The Ratio of the Gold Price to the Silver Price
The data has been showing for a long time that, while supply and demand in gold is slightly tight, it’s loose in silver. Speculators are stretching the silver price higher by several dollars. When will they let go and let it snap back down to neutral, or even overshoot? It’s hard to say, but the world seems to be in a credit contraction mode right now. There are ongoing declines in many currencies. Forget the Ukrainian hryvnia, Venezuelan bolivar, and Argentenian peso. It’s also happening in the Brazilian real, Russian ruble, Indian rupee, and perhaps beginning in the Chinese yuan (and in many others too).
We will get to the point where people are desperate to get gold and silver and dump paper. That buying frenzy—and accompanying collapse of almost everything else—is still ahead of us. In the meantime, we appear now to be firmly in a period of squeezing the debtors.
The whole point of using leverage to buy gold or silver futures is speculation. The speculators are trying to front-run the real buyers of the metals—the people who buy to take it home, and not sell regardless of price.
It may be due to the pressures of credit contraction. Or it’s possible that silver demand is falling relative to gold because it has a substantial non-monetary (i.e. industrial) use and gold is almost purely monetary. Either way, the demand for silver metal, relative to the demand for gold metal, is quite a bit lower than it was a few years ago. The current silver price under $21 only partially reflects this fact.

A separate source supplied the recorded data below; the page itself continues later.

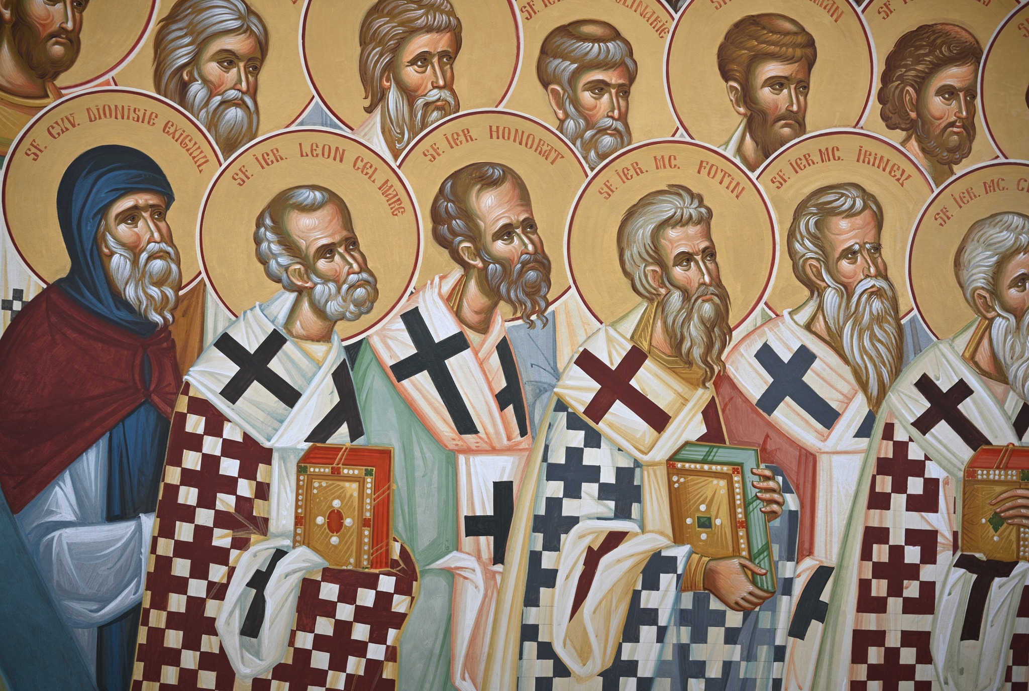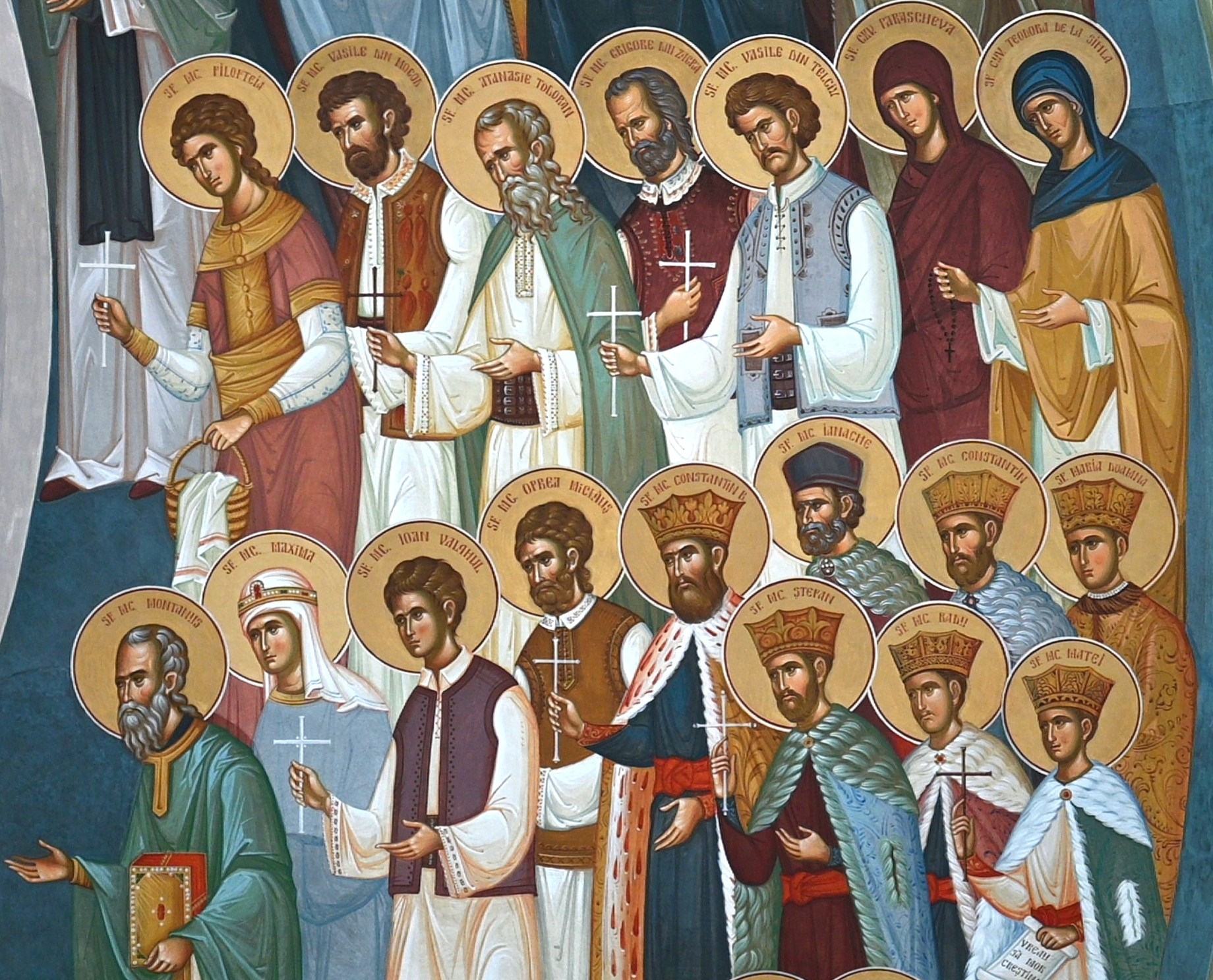 Die Ikone symbolisiert die Vereinigung der Kirche und die Gemeinschaft der Heiligen aller Zeiten. Links sind die Heiligen, die den Westen bekehrten, dargestellt, rechts die rumänischen Heiligen. Oben thronen vier Propheten mit Schriftrollen, im Zentrum steht Christus, umgeben von der Mutter Gottes, Johannes dem Täufer und Engeln. Adam und Eva zu Füßen Christi symbolisieren die Wiederherstellung der menschlichen Natur. Die Heiligen sind hierarchisch geordnet in Reihen von unten nach oben: Hierarchen, Fürsten, Märtyrer und Fromme.
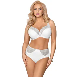 Extra model podprsenky s polovystuženými košíčkami. Je zdobený krásnou výšivkou. Strih dokonale tvaruje prsia a vypĺňa stred. Košíčky majú zvislé švy, ktoré pomáhajú lepšie nadvihnúť prsia. Hladkú štruktúru dopĺňa perleťová látka. Spodnú časť zdobí šifónová látka. Ramienka sú zdobené mašličkami. Model, s ktorým budete spokojná.
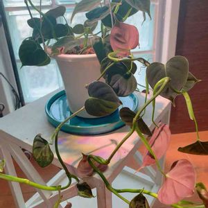 洗面所からこんにちは✨ と言っても写真は昨日撮ったものです〜🤣 8月23日に投稿した救出ティネケさん🪴 何か成長しないし上の方の茎がシワっぽくて💦 思い切ってカット✂️ 白い樹液が出ない💦 どこをカットしても出ないんです🤭⤵️ 茎の一番下 土に近いところが骨粗鬆症みたいになってました😱 ギリギリ生きてたんだ💦 で 3本水差しに😅 茎のシワが改善されてきました〜✨根っこ出るかな🎵 お隣のハート フィロデンドロンはスクスクと伸びてます〜🪴✨
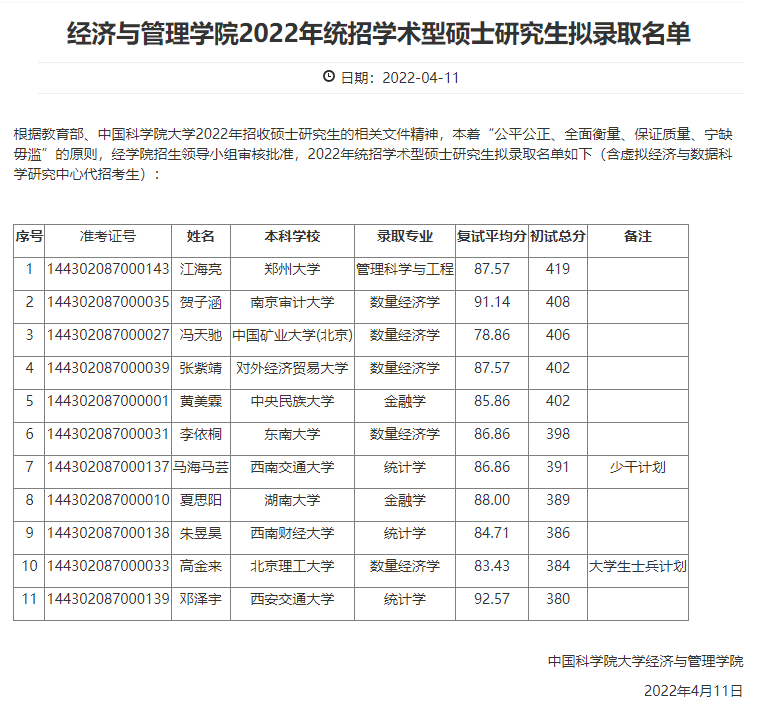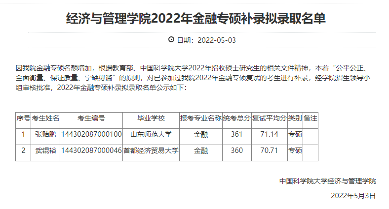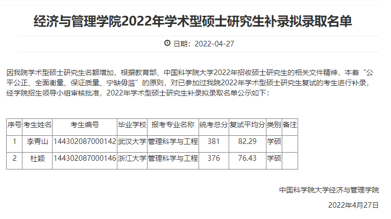 經濟與管理學院2022年學術型碩士研究生補錄擬錄取名單

For each metal, we will look at a graph of the basis and cobasis overlaid with the price of the dollar in terms of the respective metal. It will make it easier to provide terse commentary. The dollar will be represented in green, the basis in blue and cobasis in red.
Here is the gold graph.
The Gold Basis and Cobasis and the Dollar Price
The cobasis went sideways while the dollar fell (i.e. the price of gold rose). This suggests buyers of real metal, not speculators, led the price action this week. The neutral price of gold went up another twenty-five bucks, to around $1470.
Now let’s look at silver.
The Silver Basis and Cobasis and the Dollar Price
Silver’s pattern still hasn’t really changed. We see a rise in the dollar price as measured in silver (i.e. a drop in the silver price as measured in dollars). And with this price move, we see the cobasis rise a bit. Silver futures were sold.
The cobasis is still quite negative.